1999 SL600 V12 Powerplant (similar to 1993 - 2002). click to enlarge.
Wow, I could have had a V-12! Every SL500 owner with a pulse lusts after the V12 SL600 made from 1993 through today.
I got my 1997 SL500 back when I actually drove it and considered the V8 more practical than the V12. Today I drive my museum piece so little I thought I'd rather have the V12 if I could go back in time, even though they don't really feel any different to drive.
Therefore I couldn't resist a newspaper ad for a 1999 SL600 in the same colors as my SL500! I checked it out as a potential replacement for my SL500.
Comparison Table: SL500 vs. SL600
Compared to the SL500
The SL600 includes probably everything that may have been optional for the SL500, like dashboard-adjustable shocks and ride height control, CD changer and xenon lights.
The SL600 doors and dash are covered in leather, not MB-Tex. Newer SL600s smell like a lot of leather!

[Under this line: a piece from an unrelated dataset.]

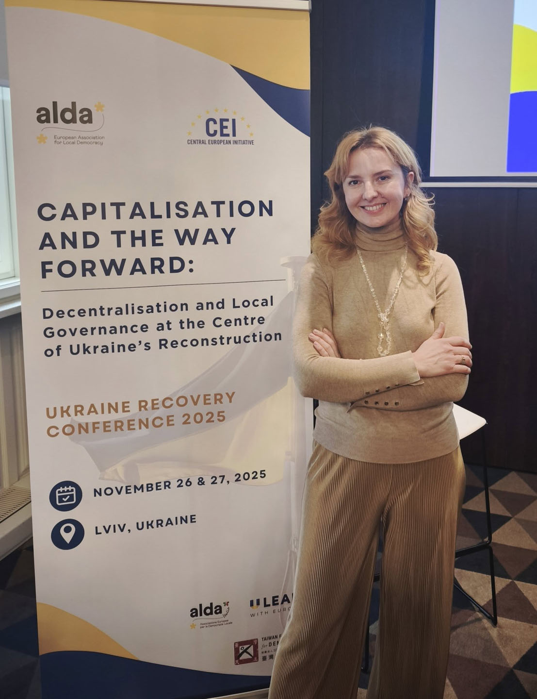 | 27.11.2025, Львів. Міжнародна конференція «Ukraine Recovery Conference 2025. Capitalisation and the Way Forward: Decentralisation and Local Governance at the Centre of Ukraine’s Reconstruction» 27 листопада 2025 року старший науковий співробітник відділу просторового розвитку, к.е.н., ст.д. Соломія ТКАЧ на запрошення урбаністичної коаліції Ro3kvit: Urban Coalition for Ukraine, відвідала міжнародну конференцію «Ukraine Recovery Conference 2025. Capitalisation and the Way Forward: Decentralisation and Local Governance at the Centre of Ukraine’s Reconstruction». Захід організований ALDA - European Association for Local Democracy та Центральноєвропейською ініціативою (CEI) за підтримки U-LEAD з Європою та Тайваньського фонду за демократію й відбувався 26–27 листопада у Львові. У ньому взяло участь понад 20 спікерів та понад 100 учасників з України та Європи. На конференції обговорювали регіональний розвиток крізь призму повоєнної відбудови, глобальних партнерств і міжнародних механізмів підтримки. Фактично фокус був на питаннях як світ долучається до відновлення регіонів України і які інструменти забезпечують перехід від амбіцій URC 2025 до підготовки URC 2026. Програма другого дня включала панельні дискусії про шлях «від зобов’язань до виконання» та визначення стратегічних кроків локального відновлення; вивчення інноваційних моделей управління для стійких міст; робочі групи з транскордонного співробітництва (Interreg), зеленого відновлення та діалогів громад за сприяння ALDA та міжнародних партнерів; а також воркшоп World Café з напрацювання пропозицій для наступної Конференції з відновлення України. Результати конференції переконливо показали: місцеве самоврядування, громадянське суспільство та міжнародні партнери формують потужну триєдину опору відбудови. Саме ця співпраця визначає, якими будуть стійкі громади завтра і що саме Україні вдасться реалізувати до URC 2026. Програма конференції тут. Більше про подію за посиланням Фото з події:

My 1997 fog lights are conventional reflector-lens designs. The 1999 SL600 I saw had combination reflector-refractive fog lights in the same positions.
I'm unsure where the two extra inches in length lies in the SL600.
The seat leather of a 1999 SL600 seems softer and more delicate than my 1997 SL500. The SL600 leather seems to stick me in the seat better; I put sheepskins on my SL500 to keep me from sliding around.
Everyone agrees that it costs about twice as much as an SL500 to service. Parts are scarcer, and of course the huge engine uses about 10.5 quarts of expensive oil compared to smaller engines.
I was concerned back when I used to drive other cars 30,000 miles a year, but now that I drive my SL only 3,000 miles a year I wouldn't worry about it. You get an SL600 to enjoy, not to worry about costs.
The good news is I've never heard about any reliability issues with the V12, not that I would with a car this rare. Everything I've heard is that these are bulletproof engines very happy to be driven hard everyday. The V12 is exactly double the engine of most family sedans with the same weight, so the V12 is never working very hard even at 120 MPH.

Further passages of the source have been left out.